The hotel was still on lock-down and they had to return to UNLV to wait things out.
Finally, about 9 a.m. Monday morning, the group went back to the hotel and after several attempts to get inside, managed to find an open door at the back of the property near the loading dock.
Packing as quickly as possible, even leaving some things behind, they found a cab to the airport to try to catch their noon departure.
“The people of Las Vegas were amazing,” Herring said. “We were trying to get out of there as soon as possible, and here these people were having to come to work. Some were crying.”
While Rodas and Lia’ Wells took another airline, the remaining ladies barely missed their flight back to Casper.
The airline stepped up and sent them home via San Diego and then Salt Lake, first class, free.
Hetland’s husband, Brandon, met the women in Salt Lake, driving all night to get them home.
47 hours.
Looking back, Hetland said there was someone to help them every step of the way.
When Herring realized she was alive and her kids were safe at home, that is when she ‘lost it.’
“My LightsOn kids are keeping me grounded,” she said. “They remind me life is supposed to be fun. I am so grateful and thankful to be here.”

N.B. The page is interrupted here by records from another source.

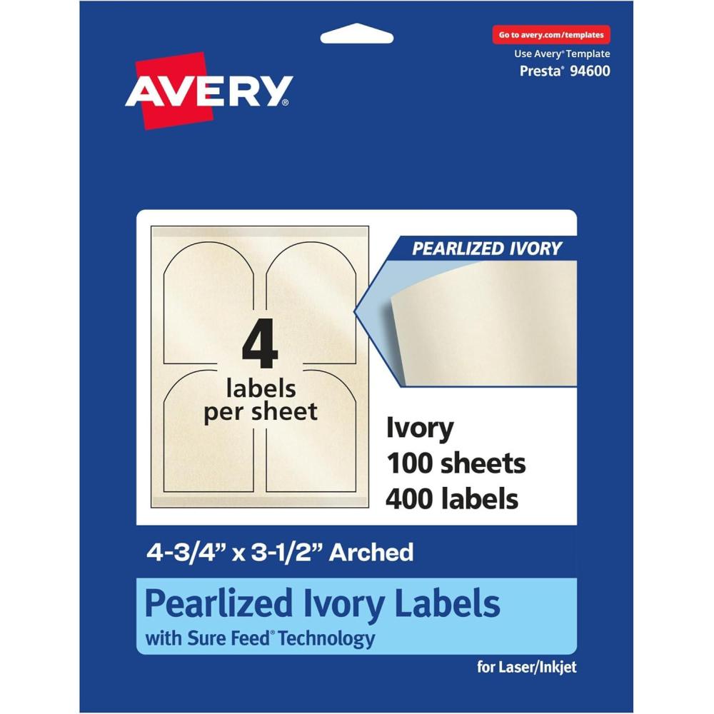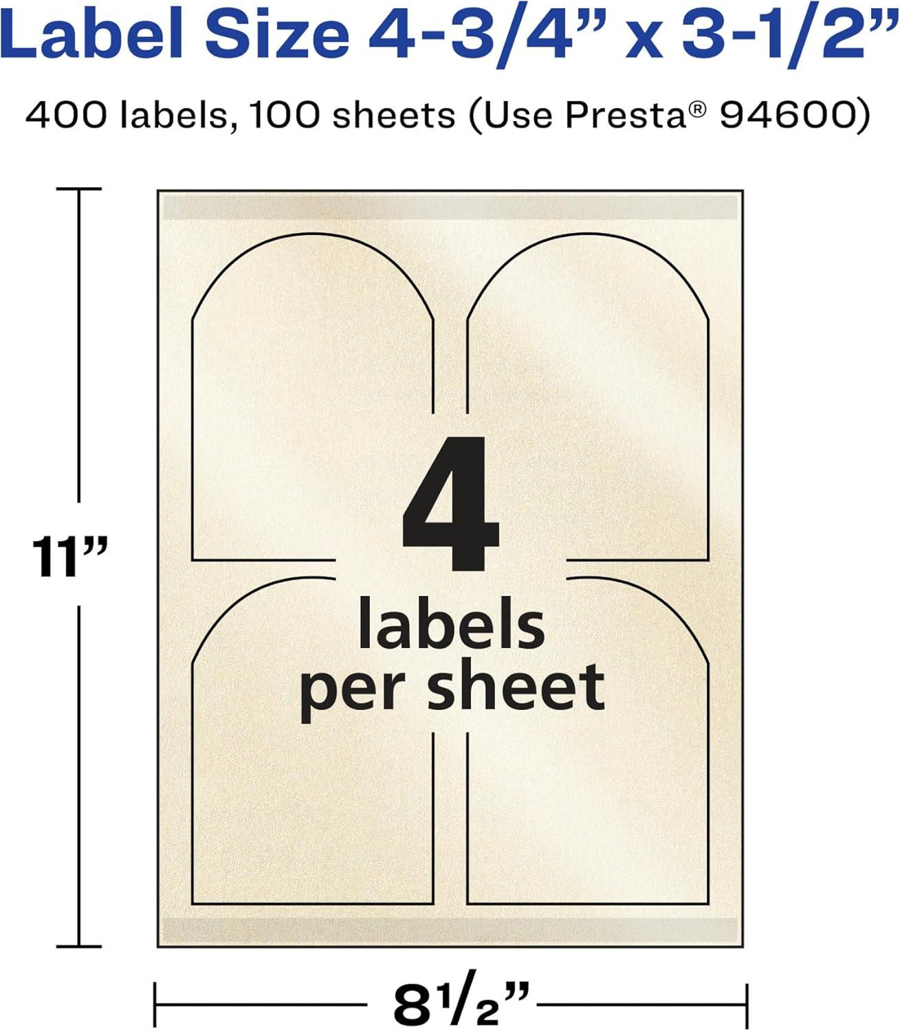 Avery Pearlized Ivory Arched Labels, Sure Feed Technology, Print-to-The-Edge, 4.75″ x 3.5″, 40 Pearlized Ivory Labels, Laser/Inkjet Printable(400 labels)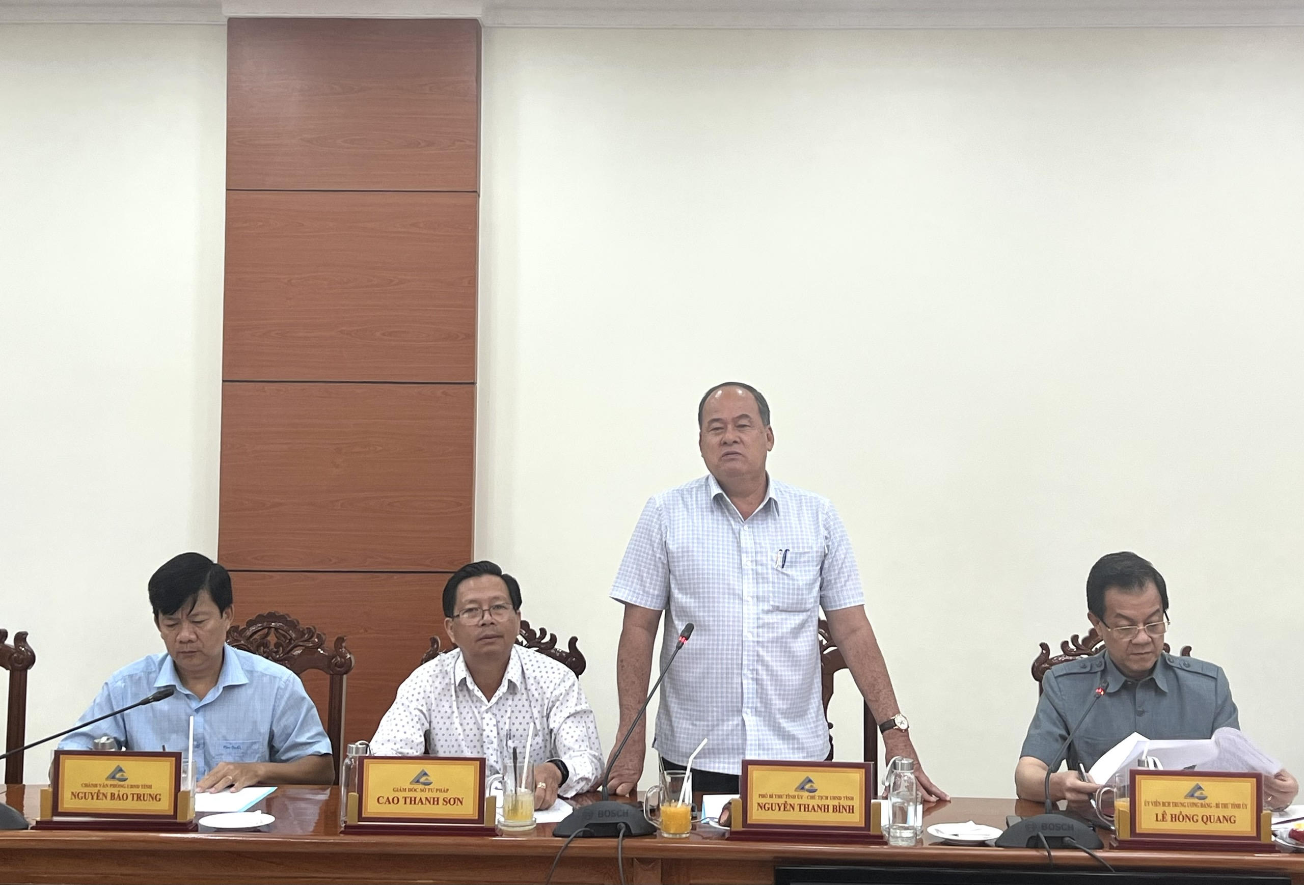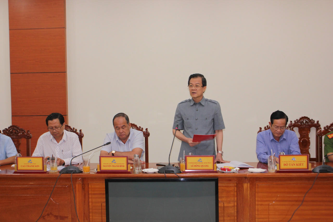 Bí thư Tỉnh ủy An Giang Lê Hồng Quang cảm ơn sự quan tâm, tạo điều kiện của Bộ Tư pháp đối với ngành tư pháp An Giang thời gian qua, đồng thời mong muốn Bộ Tư pháp tiếp tục hỗ trợ, tạo điều kiện cho ngành tư pháp tỉnh thực hiện thắng lợi nhiệm vụ chính trị được giao.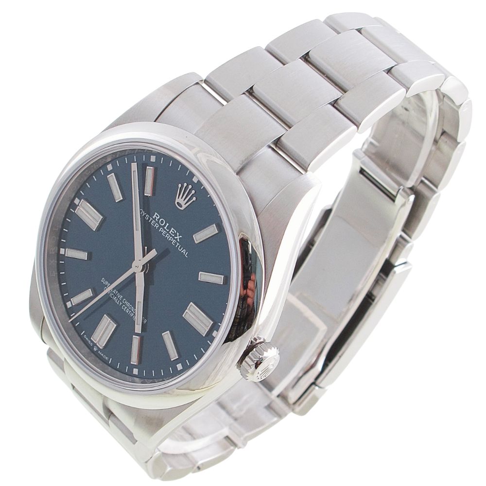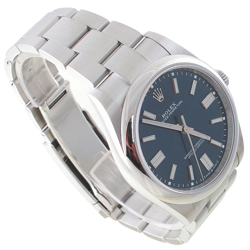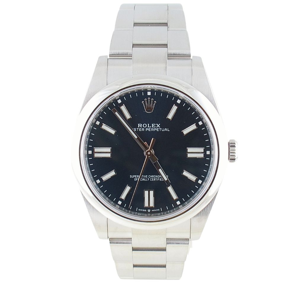 Pre-Owned 2023 Stainless Steel Rolex Oyster Perpetual 41MM Watch With Black Stick Dial Model 114300. This is a Pre-Owned Rolex Stainless Steel Oyster Perpetual With Blue Stick Dial and Oyster band. Comes With Original Rolex Certificate Of Authenticity, Original Rolex Box, and Booklets. All Rolex watches sold by Arnold Jewelers have been fully serviced including factory finish. We offer a 2-year warranty on this watch and guarantee it with our own official certification. We sell only the finest pre-owned Rolex’s and this watch is no exception, it is in very good condition.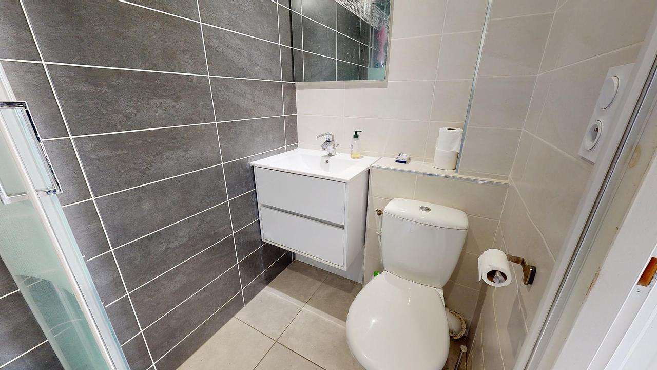 Les deux salles de bain sont identiques et disposent d’une douche, d’un meuble vasque et d’un WC. Il est d’usage que les locataires mettent en place une organisation qui sied à tous.
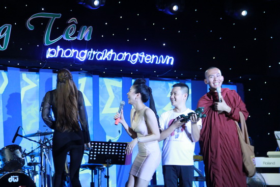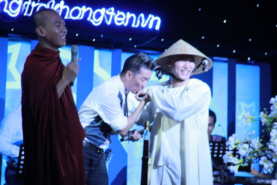 Thậm chí, chính hai nhà sư đã "đòi" Đàm Vĩnh Hưng thực hiện lời hứa ngay trên sân khấu.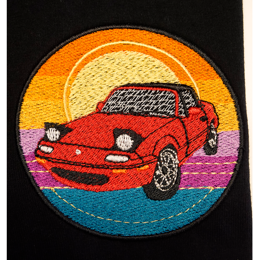 Uwielbiasz stylowe kabriolety i wolność na drodze? Koszulka RetroHaft z haftem Mazdy MX5 przeniesie Cię prosto w klimat szalonych lat 80.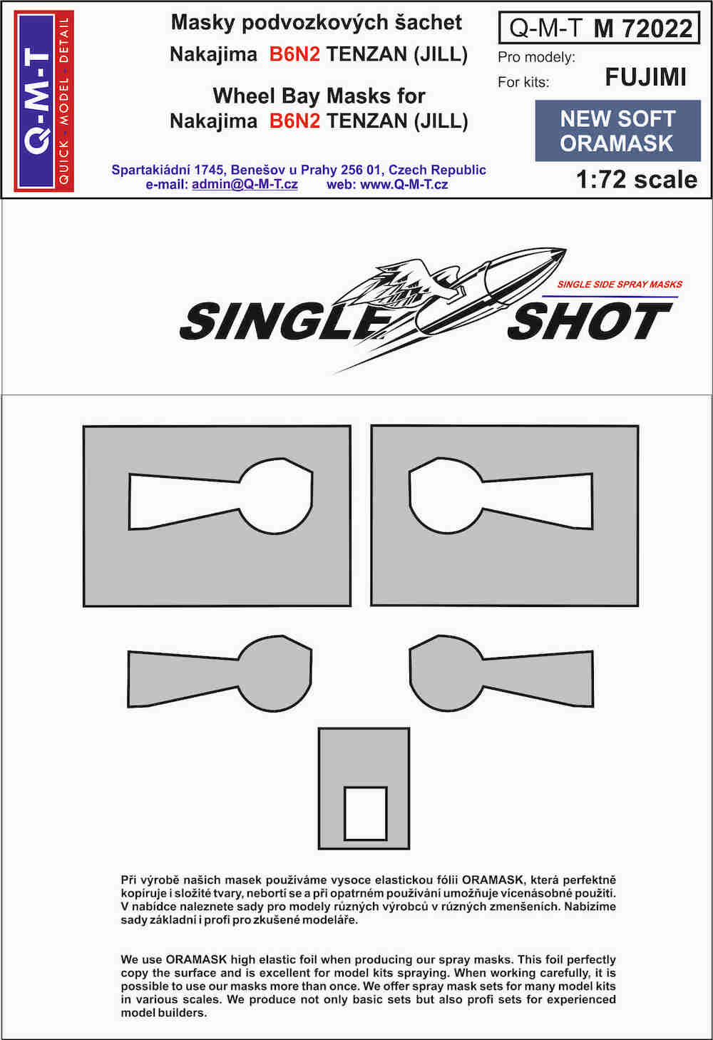 Q-M-T - 1/72 Nakajima B6N2 Jill wheel bay paint masks (for Fujimi kits) made from New Soft Oramask

Cox is carrying a bit of guilt with her for not being there when they needed her.
“If I had still been in the airport and not on the plane, I would have been back there in a heartbeat,” she said.
She shudders to think what would have happened if the shooting had taken place on Saturday instead of Sunday.
“If it had been the night before,” she said. “We were only 10 rows back in the center.”
The girls don’t know why it happened.
They now have an assurance that it wasn’t their time, that a higher power is in charge.
“We were all supposed to be there,” Cox said.
Herring is still amazed there weren’t more people killed.
“There were some serious injuries,” she said. “There were so many little kids there on Sunday, up on their parent’s shoulders. People in wheelchairs. Its scary to think people risked their own lives to save these people.
“For whatever reason, we have a second chance. We’re traumatized. Why are we all here? Its very humbling. We were so close to not coming home.”